Outro alvo frequente do ódio bolsonarista à ciência é o médico infectologista David Uip, chefe do Centro de Contingência ao Coronavírus em São Paulo. O blogueiro de extrema direita Allan dos Santos, íntimo do presidente, chegou a divulgar uma receita em que o médico se automedicava com cloroquina. O twitter excluiu a postagem por “violar as regras” da rede social, mas o médico denunciou a violação da privacidade de sua clínica para obtê-la.

Nesta quarta-feira, em entrevista coletiva onde criticou a “politização” do combate ao vírus, o diretor-geral da OMS (Organização Mundial de Saúde), Tedros Adhanom Gebreyesus, biólogo e doutor em saúde comunitária etíope, revelou que tem sofrido insultos racistas e até ameaças de morte. “Posso contar os ataques pessoais que vêm ocorrendo há mais de dois, três meses. Abusos ou comentários racistas, me dando nomes, ‘negro’. Tenho orgulho de ser um homem negro”, disse Tedros. “Não me importo. Até ameaças de morte eu recebi.”

Com as mortes pelo coronavírus ascendendo a 16 mil, Trump voltou a artilharia para a OMS, acusando-a de ser “centrada na China”. No Brasil, a tropa bolsonarista, que parece seguir ordens de Washington, levantou a tag #OMSGenocida, para atender ao lobby da cloroquina

Nos últimos dias, com as mortes pelo coronavírus ascendendo a 16 mil pessoas, o presidente Donald Trump voltou sua artilharia para a OMS, acusando-a, no twitter, de ser “centrada na China” e ameaçando cortar o financiamento de seu país à entidade.
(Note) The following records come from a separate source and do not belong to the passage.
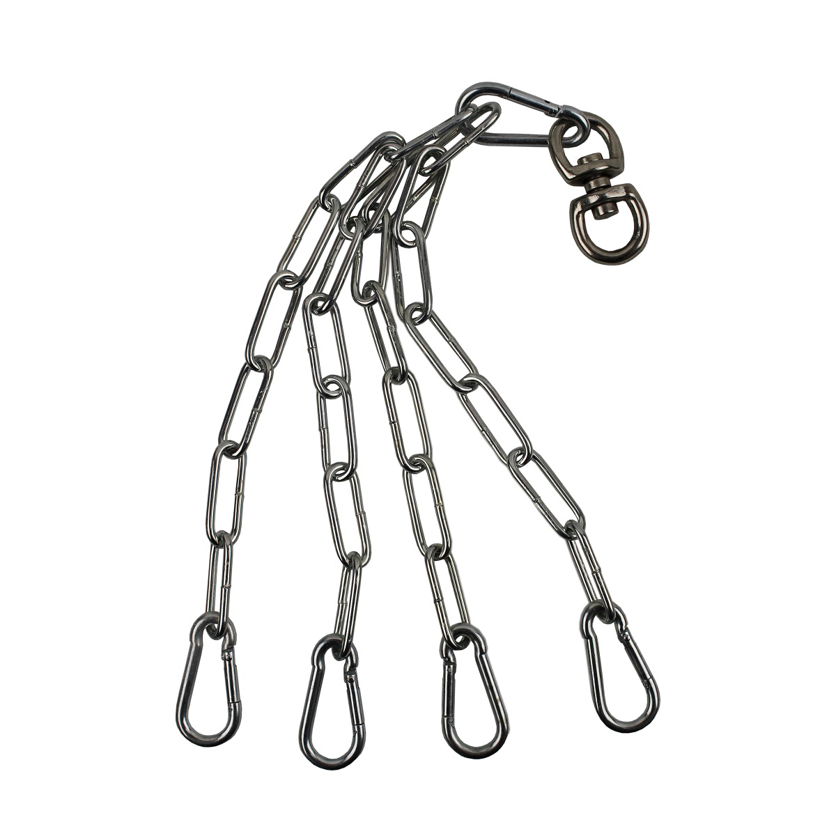 Náhradná štvorramenná reťaz na boxovacie vrece. Reťaz obsahuje otočnú kovovú sponu, ktorá podstatne zlepšuje tréning na boxovacom vreci. Držiak je ďalej opatrený karabínami pre uchytenie vreca.
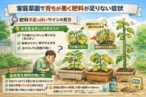 家庭菜園で育ちが悪いときは、焦って何かを足すより、まず肥料(足りない/多すぎる)と水やり(多い/少ない)を整理して、次に日当たりとプランター環境、最後に徒長や連作障害のような中長期の原因を見ていくのが近道です。
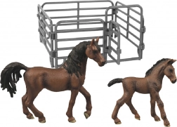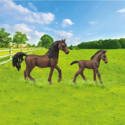 Mérüljön el a gyönyörű lovak világában ezzel a részletesen kidolgozott barna lovak gyűjteményével. A készlet két valósághű lófigurát és egy testreszabható műanyag karámot tartalmaz, amelyek új szintre emelik a farmjátékon belüli élményeket.
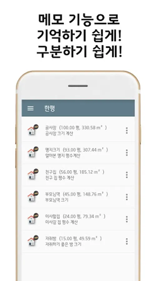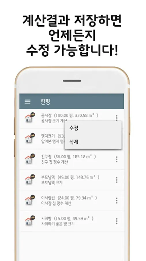 그리고 한평에서는 사용자가 직접 계산한 결과를 메모와 함께 저장하고 불러올 수 있는 기능을 제공하고 있어 면적계산 결과를 빠르고 쉽게 찾아서 사용할 수 있는 기능을 제공합니다.
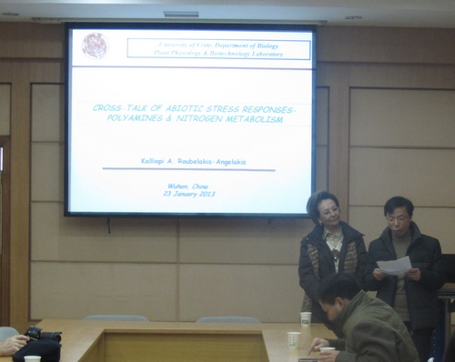 1月23日下午,应韩月彭研究员的邀请,希腊克里特大学Kalliopi A. Roubelakis-Angelakis教授到重点实验室作了题名为“Cross-talk of abiotic stress responses-polyamines & nitrogen metabolism”的学术讲座。
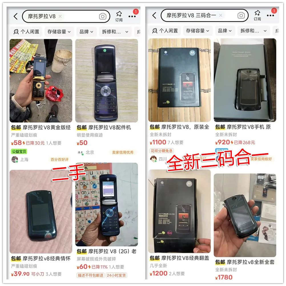 后来我又去小黄鱼瞅了一眼,二手摩托罗拉V8很便宜,通常40-60元就能搞定。但全新三码合一的价格直接破千,卖的人还不少,看来收藏这玩意的人挺多啊?
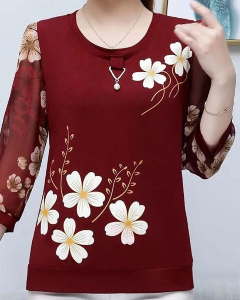 WTEMPO Spring Summer Chiffon Shirts Women's 3/4 Sleeve Flower Printed T-Shirts Female Casual Loose Thin Bottoming Tops
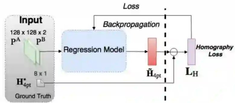 这个网络产生了 8 个实数作为输出。它是以有监督的方式进行训练的,以输出和真实的单应之间的欧氏距离作为损失函数。
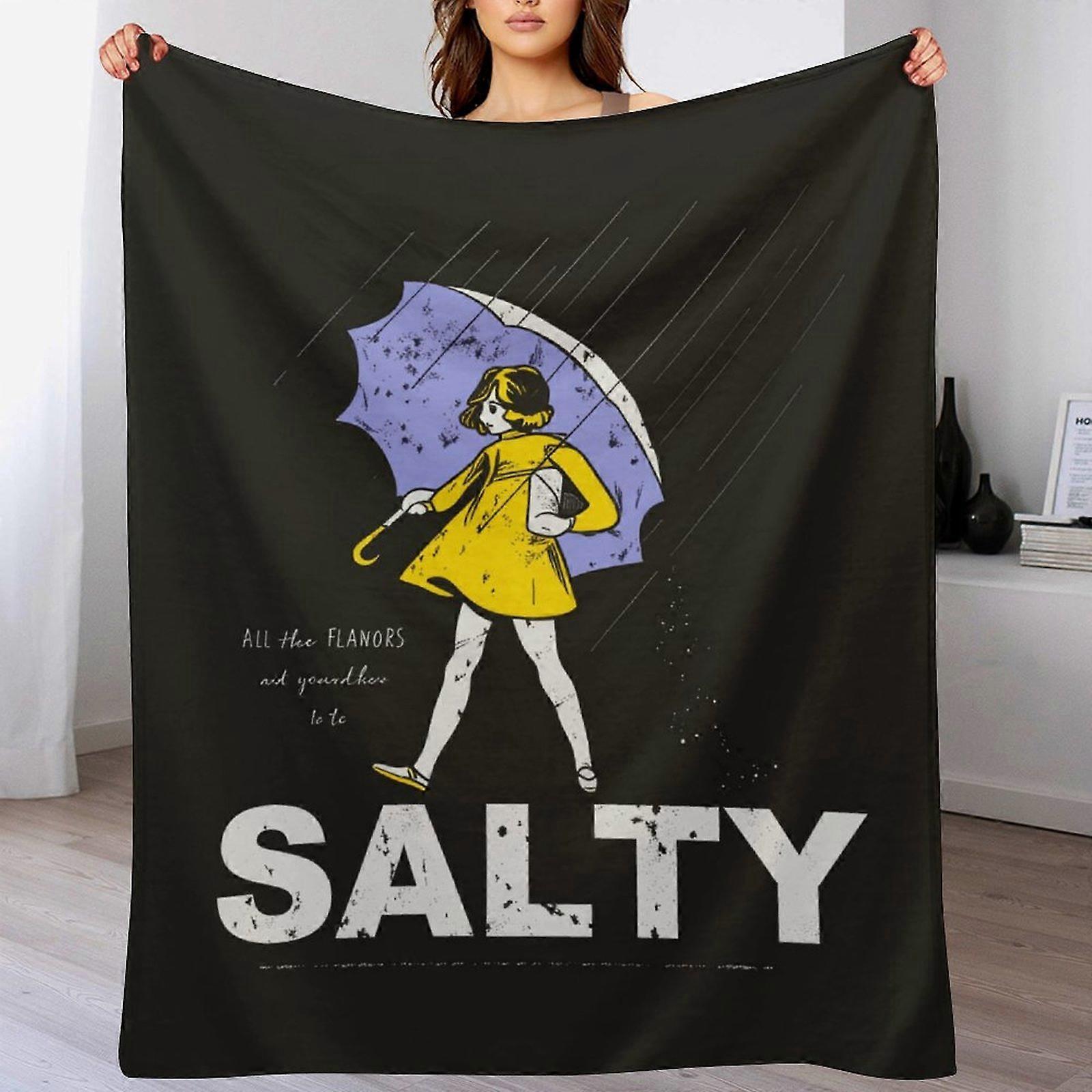 “Salty” Girl with Umbrella Graphic Print Fleece Blanket, Vintage Cartoon Style Illustration Throw, Soft Cozy Blanket for Bedroom Sofa Living Room Deco
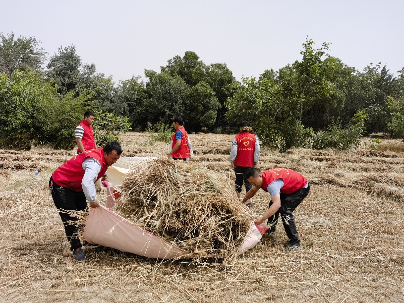 为确保小麦颗粒归仓,策勒县策勒镇敦艾日克村两委和驻村工作队,组织党员干部志愿者深入田间地头走访摸排,及时了解群众所需。特别是针对外出务工人员和年老体弱、行动不便、缺少劳动力等特殊群体,积极为他们提供“三夏”服务保障,解除困难群众小麦夏收缺人手之忧。在小麦田间地头,机器轰鸣,策勒镇敦艾日克村志愿者们身穿红马甲,同群众一道齐心协力把麦田里割好的小麦,集中到一起,准备用机器脱粒。麦田里志愿红的身影显得格外耀眼,田野里呈现出一派热火朝天繁忙劳作抢夺丰收的景象。
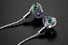 Equipped with one BA (balanced armature), it expresses a clear sound image with good resonance and thickness, which is an acoustic room within the shell exclusively designed for this model to enhance sonic dimensions. With the shell solidified by clear resin, CF-IEM avec CRESCENT VERT is thoroughly free from any undesirable vibrations and suitable both for private listening and for professional use.
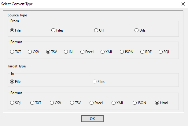 Choose TSV file -> Set HTML file -> Convert TSV to HTML table
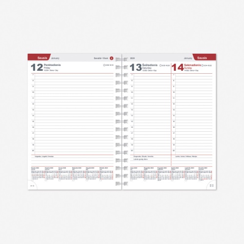 Minkštos dirbtinės odos viršelis su specialiai įdedamu kalendoriumi.

No Brasil, a tropa bolsonarista nas redes sociais, que age como se seguisse ordens expressas de Washington, levantou, no mesmo dia, a tag #OMSGenocida, para mais uma vez atender ao lobby da cloroquina.

Nos EUA, a maior vítima do ódio da extrema direita à ciência e à medicina é o imunologista Anthony Fauci, de 79 anos, diretor do Instituto Nacional de Alergia e Doenças Infecciosas, principal conselheiro da Casa Branca no combate ao coronavírus. O FBI teve que dobrar a segurança em torno de Fauci após ele receber ameaças de morte dos fanáticos defensores de Trump. Fauci agora está circulando com nove guarda-costas.

O médico, como Mandetta, é defensor intransigente do isolamento social como principal estratégia de enfrentamento à pandemia, e refuta constantemente as falsas alegações de Trump, como a de que a China não alertou as autoridades sobre o vírus ao surgirem os primeiros casos –ele é totalmente contrário ao termo “vírus chinês”, utilizado pelo chefe. Fauci também rebate Trump com veemência quando o presidente alardeia que a cloroquina é a “cura” para o Covid-19, mesma afirmação que Bolsonaro está macaqueando no Brasil.

Da mesma forma como fazem aqui com Mandetta, a mídia e os “influencers” de extrema direita estão acusando Fauci de ser “um infiltrado” e “simpatizante” de Hillary Clinton no governo, mesmo tendo sido contratado ainda durante o governo Ronald Reagan (1981-1989). Ou seja, é o sexto presidente que o médico serve, entre democratas e republicanos, e nunca sofreu nada parecido antes.

O imunologista deu um conselho que serve a todos os médicos que estão sob a mira da extrema direita apenas por fazer seu trabalho de forma séria e embasada na ciência. “Há coisas que às vezes são perturbadoras. Mas você se concentra no trabalho que deve fazer, coloca todas essas coisas de lado e tenta da melhor maneira possível não prestar atenção a elas”, disse, reforçando que as ameaças são “secundárias” diante da missão que tem pela frente de ajudar seu povo a sair da pandemia.